TASK REQUIREMENTS
Repeat the data that follows exactly, starting at the line with "Альтернативой может быть" and ending at the line with "Αναλάβαμε το πλήρες", and leave out every picture.

ENTRIES SHOWN
-- Opening Marker --
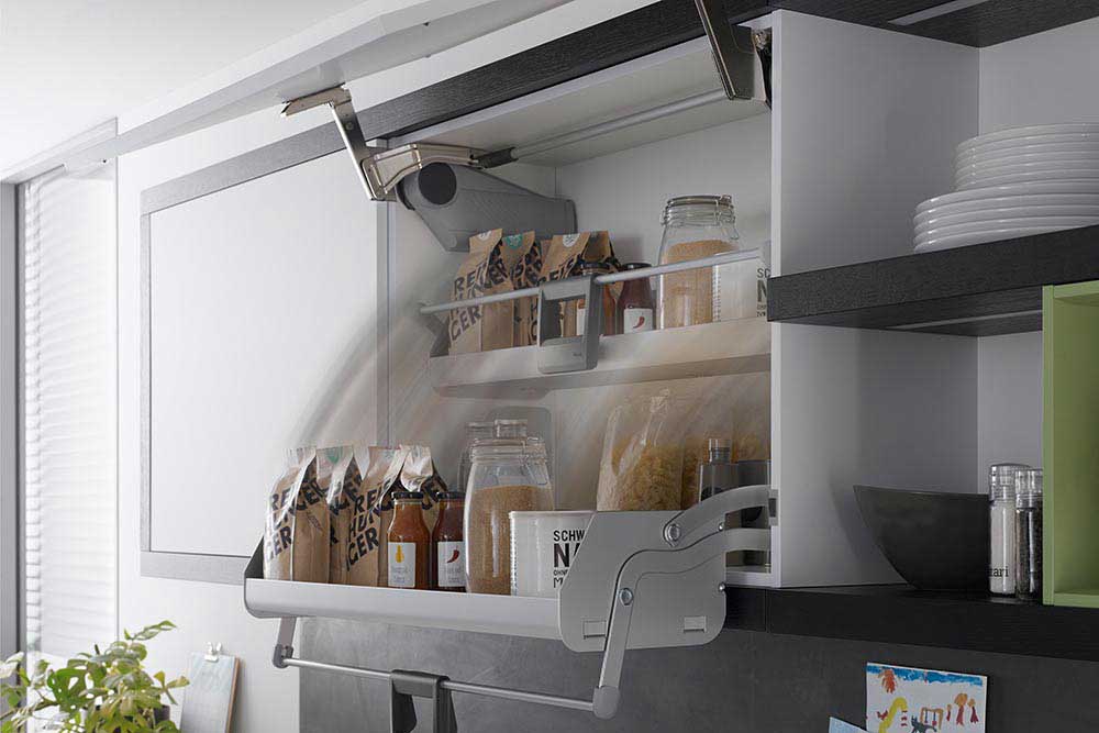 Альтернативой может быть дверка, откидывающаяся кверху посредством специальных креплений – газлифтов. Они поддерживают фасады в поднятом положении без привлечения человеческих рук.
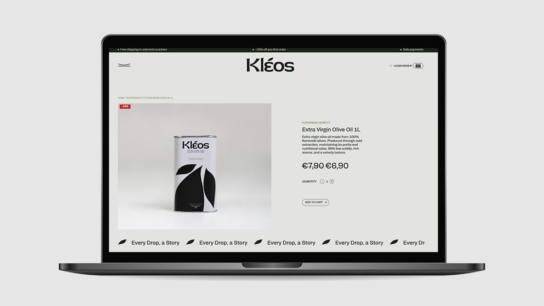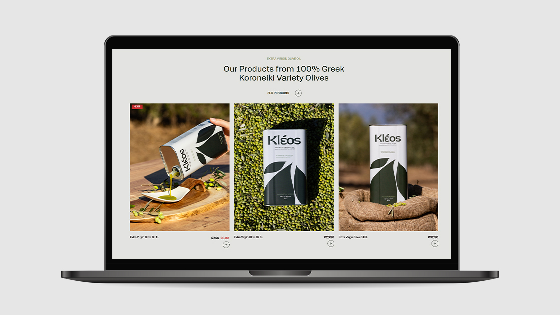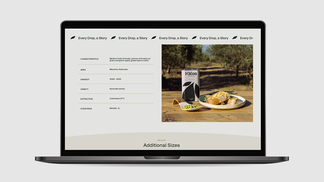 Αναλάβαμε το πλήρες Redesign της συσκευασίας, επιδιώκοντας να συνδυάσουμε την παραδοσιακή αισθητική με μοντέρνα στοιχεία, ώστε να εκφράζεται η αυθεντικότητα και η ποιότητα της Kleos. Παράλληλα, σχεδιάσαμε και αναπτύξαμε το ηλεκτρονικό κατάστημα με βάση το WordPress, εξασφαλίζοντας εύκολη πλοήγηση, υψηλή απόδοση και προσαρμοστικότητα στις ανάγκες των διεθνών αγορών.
-- Closing Marker --
-- Opening Marker --
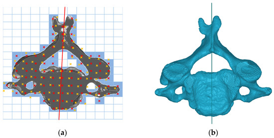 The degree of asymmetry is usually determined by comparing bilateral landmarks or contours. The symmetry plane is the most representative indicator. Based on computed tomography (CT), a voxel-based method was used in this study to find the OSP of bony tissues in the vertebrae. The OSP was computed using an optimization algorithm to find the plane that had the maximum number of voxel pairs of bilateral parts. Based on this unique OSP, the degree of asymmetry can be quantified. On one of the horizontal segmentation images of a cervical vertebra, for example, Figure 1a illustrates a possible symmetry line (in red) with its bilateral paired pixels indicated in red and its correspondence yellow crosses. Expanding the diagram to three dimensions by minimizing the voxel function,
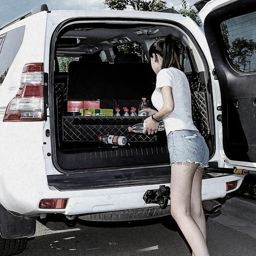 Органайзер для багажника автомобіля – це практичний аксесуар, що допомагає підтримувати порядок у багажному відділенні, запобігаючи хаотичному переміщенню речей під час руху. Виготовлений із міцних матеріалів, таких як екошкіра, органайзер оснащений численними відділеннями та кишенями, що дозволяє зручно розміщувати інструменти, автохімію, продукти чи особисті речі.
-- Closing Marker --
-- Opening Marker --
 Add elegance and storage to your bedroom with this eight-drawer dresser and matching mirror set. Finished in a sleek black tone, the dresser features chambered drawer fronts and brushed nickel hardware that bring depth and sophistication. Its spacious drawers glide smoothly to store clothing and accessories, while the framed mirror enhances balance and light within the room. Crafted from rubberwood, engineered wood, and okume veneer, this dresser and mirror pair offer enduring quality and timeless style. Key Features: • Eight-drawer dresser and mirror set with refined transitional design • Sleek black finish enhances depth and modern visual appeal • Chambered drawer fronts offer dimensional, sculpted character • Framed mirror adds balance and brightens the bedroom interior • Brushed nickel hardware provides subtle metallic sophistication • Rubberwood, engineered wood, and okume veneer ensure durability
-- Closing Marker --
ANSWER FOR THE TASK
 Альтернативой может быть дверка, откидывающаяся кверху посредством специальных креплений – газлифтов. Они поддерживают фасады в поднятом положении без привлечения человеческих рук.
 Αναλάβαμε το πλήρες Redesign της συσκευασίας, επιδιώκοντας να συνδυάσουμε την παραδοσιακή αισθητική με μοντέρνα στοιχεία, ώστε να εκφράζεται η αυθεντικότητα και η ποιότητα της Kleos. Παράλληλα, σχεδιάσαμε και αναπτύξαμε το ηλεκτρονικό κατάστημα με βάση το WordPress, εξασφαλίζοντας εύκολη πλοήγηση, υψηλή απόδοση και προσαρμοστικότητα στις ανάγκες των διεθνών αγορών.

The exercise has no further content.